- **Source records**
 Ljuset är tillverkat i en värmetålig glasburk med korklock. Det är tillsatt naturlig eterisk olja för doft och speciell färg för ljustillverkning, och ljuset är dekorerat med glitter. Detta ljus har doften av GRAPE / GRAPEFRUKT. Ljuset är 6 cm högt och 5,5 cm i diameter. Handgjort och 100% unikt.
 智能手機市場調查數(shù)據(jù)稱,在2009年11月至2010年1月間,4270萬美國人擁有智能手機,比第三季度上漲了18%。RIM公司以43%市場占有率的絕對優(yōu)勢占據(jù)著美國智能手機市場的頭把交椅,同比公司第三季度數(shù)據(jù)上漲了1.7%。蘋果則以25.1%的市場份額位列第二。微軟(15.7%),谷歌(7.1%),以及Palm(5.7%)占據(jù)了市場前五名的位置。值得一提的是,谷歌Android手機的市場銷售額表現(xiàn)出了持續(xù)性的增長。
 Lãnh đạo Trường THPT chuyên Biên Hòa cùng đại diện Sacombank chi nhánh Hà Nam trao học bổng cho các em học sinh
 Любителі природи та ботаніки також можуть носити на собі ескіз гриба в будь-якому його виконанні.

--

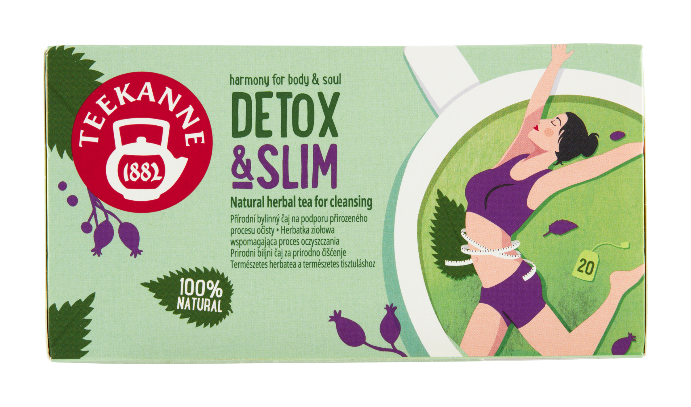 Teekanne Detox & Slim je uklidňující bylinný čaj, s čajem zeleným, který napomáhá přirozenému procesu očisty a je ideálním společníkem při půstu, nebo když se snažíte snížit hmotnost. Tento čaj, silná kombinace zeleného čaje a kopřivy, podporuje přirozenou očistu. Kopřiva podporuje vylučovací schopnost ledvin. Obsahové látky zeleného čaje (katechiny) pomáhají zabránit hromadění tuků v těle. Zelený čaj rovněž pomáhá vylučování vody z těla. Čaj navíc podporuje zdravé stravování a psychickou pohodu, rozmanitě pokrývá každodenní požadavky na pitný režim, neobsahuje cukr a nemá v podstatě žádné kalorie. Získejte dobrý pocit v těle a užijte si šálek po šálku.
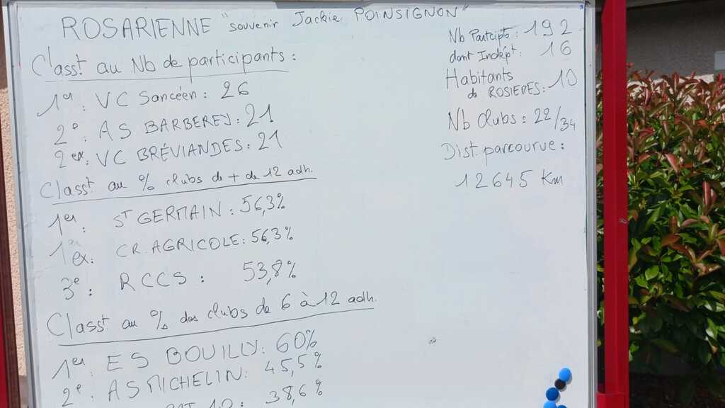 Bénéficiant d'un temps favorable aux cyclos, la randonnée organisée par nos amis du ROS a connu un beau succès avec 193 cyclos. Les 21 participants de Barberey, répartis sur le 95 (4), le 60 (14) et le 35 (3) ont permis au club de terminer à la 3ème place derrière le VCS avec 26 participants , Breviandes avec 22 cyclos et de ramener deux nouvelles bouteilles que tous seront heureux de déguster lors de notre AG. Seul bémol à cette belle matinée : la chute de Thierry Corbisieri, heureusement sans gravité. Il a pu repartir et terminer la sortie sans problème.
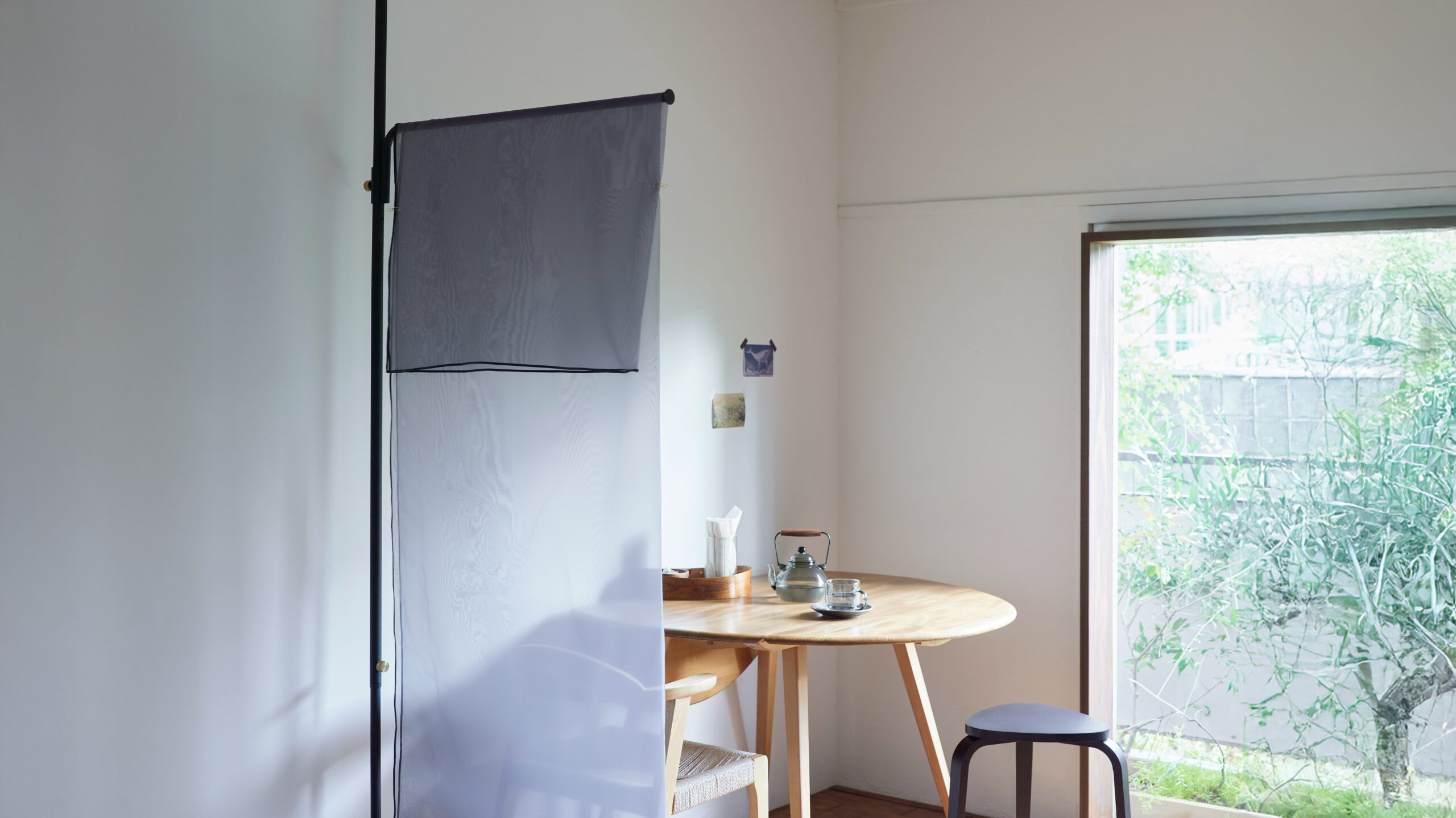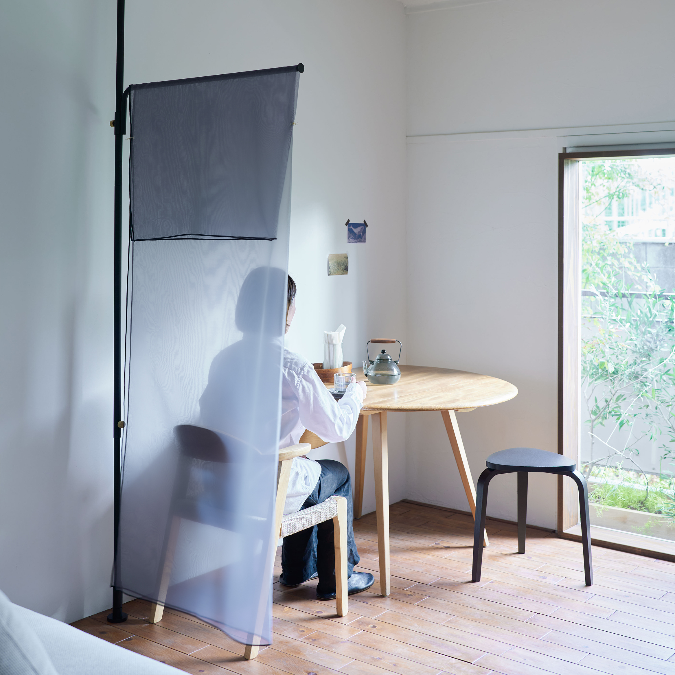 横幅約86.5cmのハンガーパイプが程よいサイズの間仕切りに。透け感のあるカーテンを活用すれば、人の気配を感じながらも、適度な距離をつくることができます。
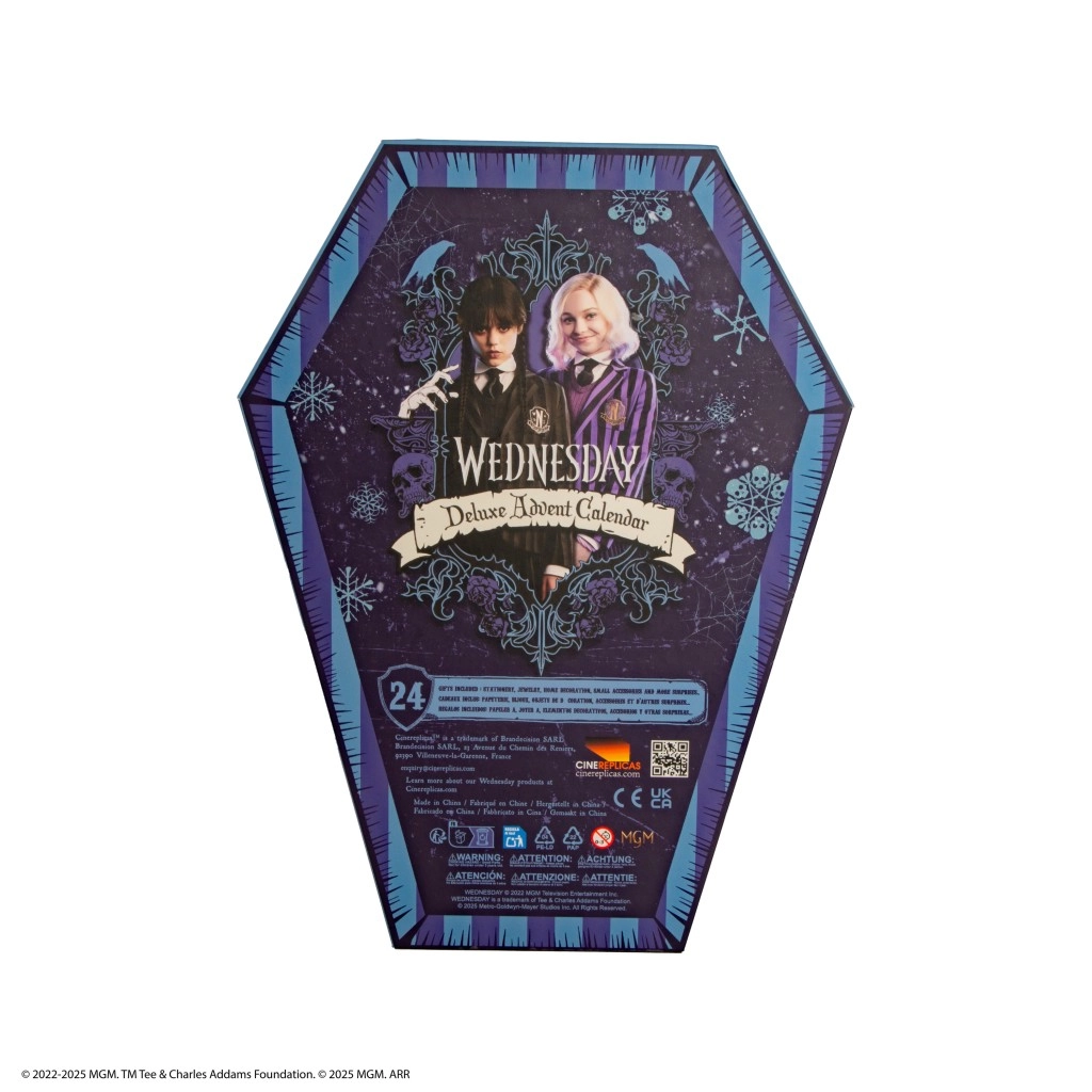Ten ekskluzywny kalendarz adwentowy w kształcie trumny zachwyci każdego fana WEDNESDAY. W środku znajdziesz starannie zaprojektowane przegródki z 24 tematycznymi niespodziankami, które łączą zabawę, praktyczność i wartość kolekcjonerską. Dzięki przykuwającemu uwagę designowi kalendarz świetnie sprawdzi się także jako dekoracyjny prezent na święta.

- **Task instructions**
Of all the entries above, output exactly the lines between the one holding "Ljuset är tillverkat" and the one holding "Любителі природи та", inclusive.

- **Answer to this exercise**
 Ljuset är tillverkat i en värmetålig glasburk med korklock. Det är tillsatt naturlig eterisk olja för doft och speciell färg för ljustillverkning, och ljuset är dekorerat med glitter. Detta ljus har doften av GRAPE / GRAPEFRUKT. Ljuset är 6 cm högt och 5,5 cm i diameter. Handgjort och 100% unikt.
 智能手機市場調查數(shù)據(jù)稱,在2009年11月至2010年1月間,4270萬美國人擁有智能手機,比第三季度上漲了18%。RIM公司以43%市場占有率的絕對優(yōu)勢占據(jù)著美國智能手機市場的頭把交椅,同比公司第三季度數(shù)據(jù)上漲了1.7%。蘋果則以25.1%的市場份額位列第二。微軟(15.7%),谷歌(7.1%),以及Palm(5.7%)占據(jù)了市場前五名的位置。值得一提的是,谷歌Android手機的市場銷售額表現(xiàn)出了持續(xù)性的增長。
 Lãnh đạo Trường THPT chuyên Biên Hòa cùng đại diện Sacombank chi nhánh Hà Nam trao học bổng cho các em học sinh
 Любителі природи та ботаніки також можуть носити на собі ескіз гриба в будь-якому його виконанні.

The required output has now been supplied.